2023.05.22 CHEN, Wei、YAN, Binglin
On April 11, 2023, the Cyberspace Administration of China (“CAC”) released the “Measures for the Administration of Generative AI Services (Draft for Public Comments)” (“Draft”) to solicit public opinion.
The emergence of ChatGPT has triggered a wave of generative artificial intelligence (“Generative AI” or “AIGC”) products, and concerns associated with data abuse, invasion of privacy, false information and ethical issues have been raised. Europe and the United States have begun to regulate AIGC products, and the release of this Draft indicates that China’s AIGC regulatory framework will also be formed and implemented in the near future.
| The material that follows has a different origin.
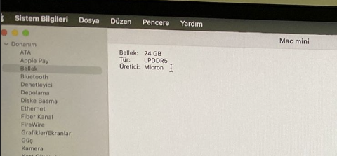 Mac Mini M4 Pro (12 CPU, 16 GPU, 24 GB, 1 TB versiyon) sistem bilgilerinde bellek LPDDR5 görünüyor, herkeste böyle mi yoksa bizim cihaza özel mi? Tüm testlerde ve web'de LPDDR5X olduğu yazıyor, bilgisi ve teyit imkanı olanlar yazabilir mi?

Containing 21 articles, the Draft touches on the regulatory principles and specific requirements regarding AIGC products and services. It is expected that the time-to-market of domestic AIGC products and services will be impacted after the implementation of the official regulations, and some even may be put on hold due to failure in meeting the regulatory requirements.
The Draft has quickly become the most talked-about topic since its release. In this article, we share our observations and comments regarding the potential impact to the industry.
1. Scope of Application
Article 2 of the Draft provides that these measures shall apply to the research and development and use of AIGC products to provide services to the public in the People’s Republic of China.
Our Comment: According to the Draft, these measures shall apply to AIGC services to the public in the People’s Republic of China. The question is whether these measures also apply to foreign products which provide registration portals for domestic users. Under the current PRC legal regulatory framework, unless explicitly provided by laws and regulations and approved by the relevant competent authorities, a legal entity shall be established in China in order to provide information services within China. Therefore, if an overseas AIGC product provider provides domestic users with a registration portal to the effect of providing services to the public in China, the regulators may require the overseas AIGC product provider to establish an entity in China to provide such services and these AIGC measures shall apply.
2. Service Providers
Article 5 of the Draft defines the “Provider” of AIGC services as organizations and individuals which provide chat and text, images, sound generation and other services by using AIGC products, including organizations and individuals which provide programmable interfaces and methods to support others to generate their own text, images, sound, etc. The Provider shall be subject to the regulatory requirements for service providers in the Draft and undertake the responsibilities as the producer of product-generated content and personal information protection obligations.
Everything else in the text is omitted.